Cinda sold 15% of its enlarged share capital in the form of approximately 5.32 billion new H-shares. There is also a 15% greenshoe, which could increase the free-float to $16.9% and the total deal size to about $2.83 billion.
Even without the greenshoe, this is the largest new listing in both Hong Kong and Asia ex-Japan this year, ahead of Sinopec Engineering’s $1.8 billion Hong Kong IPO in May.
The fact that this big a deal can get done this close to year end is a clear sign that China is back in focus. The same trend was seen a couple of weeks ago when Phoenix Healthcare, which owns and operates private-sector hospitals and healthcare clinics in Beijing, attracted more than $5 billion of demand for its $191 million offering. The company received orders from about 300 institutional investors, including European and US accounts.
Hong Kong retail investors, which are good at spotting a “hot” deal, caught on and subscribed to more than 500 times the number of Phoenix shares set aside for them. And they came back in force for Cinda’s significantly larger offering. According to sources, the original 5% retail tranche was about 160 times subscribed, which means it tied up about $20 billion worth of cash.
This is more than the $14.4 billion worth of orders that retail investors put in towards AIA’s significantly larger deal in 2010, and the largest pool of retail money committed to a Hong Kong IPO in the past few years. However, it is well below the $68 billion applied for in China Railway Construction Corp’s IPO in February 2008, which still ranks as the most popular Hong Kong listing ever among retail investors.
One key reason for the optimism is that Cinda offers a unique exposure to a part of China’s financial industry that has so far been out of reach for stock market investors and that is viewed to have strong growth prospects as non-performing bank loans (NPLs) and distressed receivables are expected to increase in the next couple of years, following five years of massive credit injections into the Chinese corporate sector.
Cinda and China’s other three distressed AMCs were set up in 1999 to acquire and manage a huge amount of NPLs from the country’s largest state-owned banks as they prepared for a stock market listing. Since then, their role has widened quite significantly to include the acquisition and restructuring of distressed debt from state-owned enterprises outside the banking sector and they are now also allowed to buy loans at a discount to face value – typically at 25 to 30 cents to the dollar and sometimes as low as 10 cents – which makes it a lot easier to achieve a profit.

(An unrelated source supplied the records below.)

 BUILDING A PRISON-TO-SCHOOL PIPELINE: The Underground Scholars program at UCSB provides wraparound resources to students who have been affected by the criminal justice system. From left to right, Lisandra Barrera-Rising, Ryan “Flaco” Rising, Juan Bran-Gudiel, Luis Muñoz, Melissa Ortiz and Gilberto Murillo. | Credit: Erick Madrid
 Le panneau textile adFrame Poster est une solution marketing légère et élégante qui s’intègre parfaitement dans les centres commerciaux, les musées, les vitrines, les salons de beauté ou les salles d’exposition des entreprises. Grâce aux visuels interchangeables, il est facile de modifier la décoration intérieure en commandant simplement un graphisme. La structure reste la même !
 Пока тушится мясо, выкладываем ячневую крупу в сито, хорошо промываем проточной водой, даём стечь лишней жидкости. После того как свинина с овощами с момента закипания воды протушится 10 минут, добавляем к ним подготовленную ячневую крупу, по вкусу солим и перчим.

Cinda has also moved into other financial services, such as brokerage, investment banking, principal investments, trust services, financial leasing and insurance and in 2012 it raised new capital through the sale of equity to four strategic investors, including UBS and Standard Chartered Bank.

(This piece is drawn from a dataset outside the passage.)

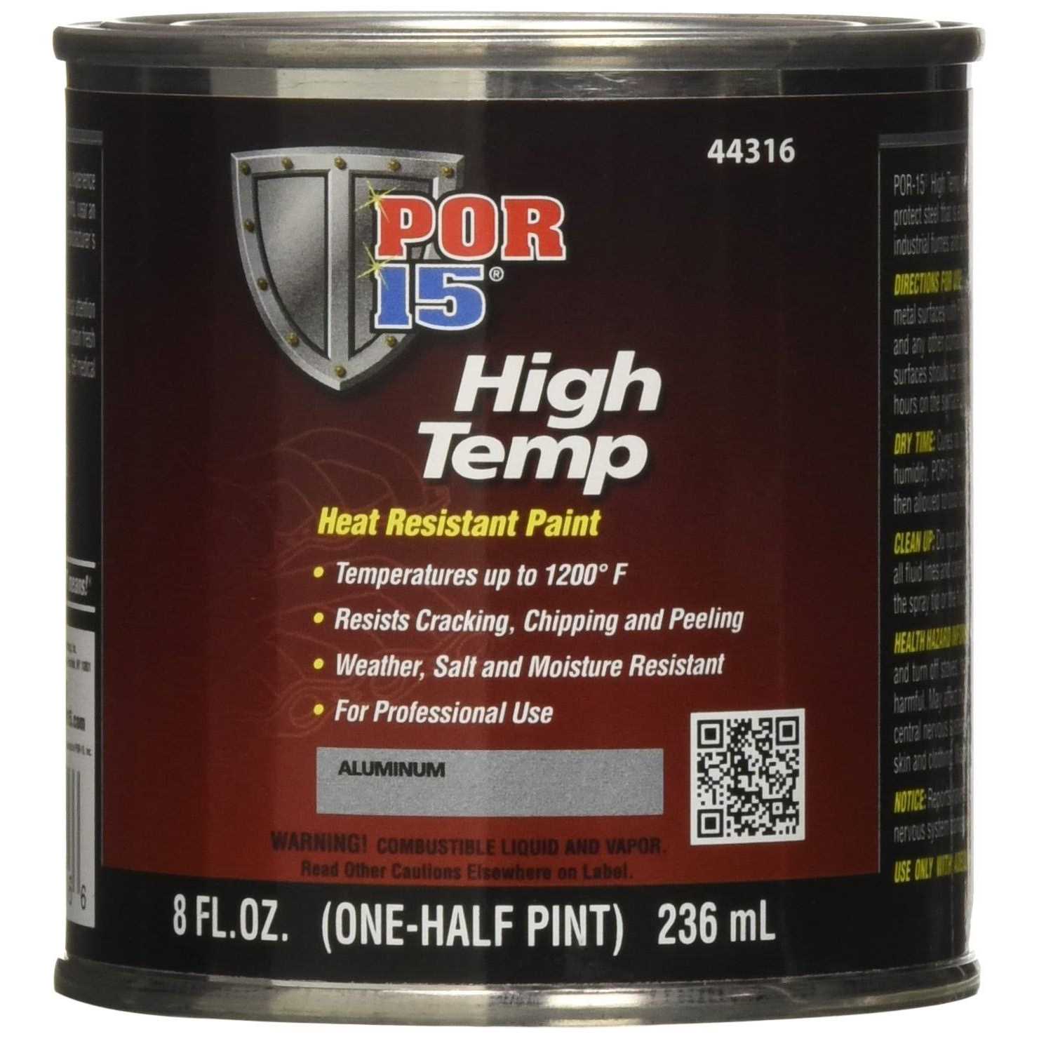 POR-15 High Temp paint is capable of withstanding extreme temperatures up to 1200 deg F / 648.8 deg C and will resist cracking chipping and peeling. It is also extremely weather salt and moisture resistant. POR-15 High Temp is the most uniform heat resistant coating available anywhere and will maintain rich brilliant colors without burning off or discoloring. Can be used on all cars domestic or foreign.

As of the end of June, Cinda had $284 billion of total assets, which makes it the largest among the four AMCs and, according analysts, puts it on par with China’s large-sized city commercial banks. About 56% of the total asset value comes from distressed assets and the management of such assets contributed just over 70% of the Rmb5.1 billion pre-tax profit in the first half of this year, according to a syndicate research report.
Several research reports note that Cinda has achieved an internal rate of return of 18% to 20% on its NPL portfolio, excluding the initial loans that were bought at face value, while the restructuring of distressed debts from non-financial sector enterprises is generating yields of 12% to 13%, resulting in a return-on-assets of more than 4%.
Bank of America Merrill Lynch, Credit Suisse, Goldman Sachs, Morgan Stanley are joint sponsors as well as joint global coordinators together with BOC International, CCB International and UBS.
Cinda also appointed another 11 banks as joint bookrunners, namely ABC International, Bocom International, CICC, Cinda International Securities, Citic Securities, CMB International, China Merchants Securities, Essence International, ICBC International, Jefferies and Standard Chartered.
Cinda will start trading on Hong Kong’s main board on December 12.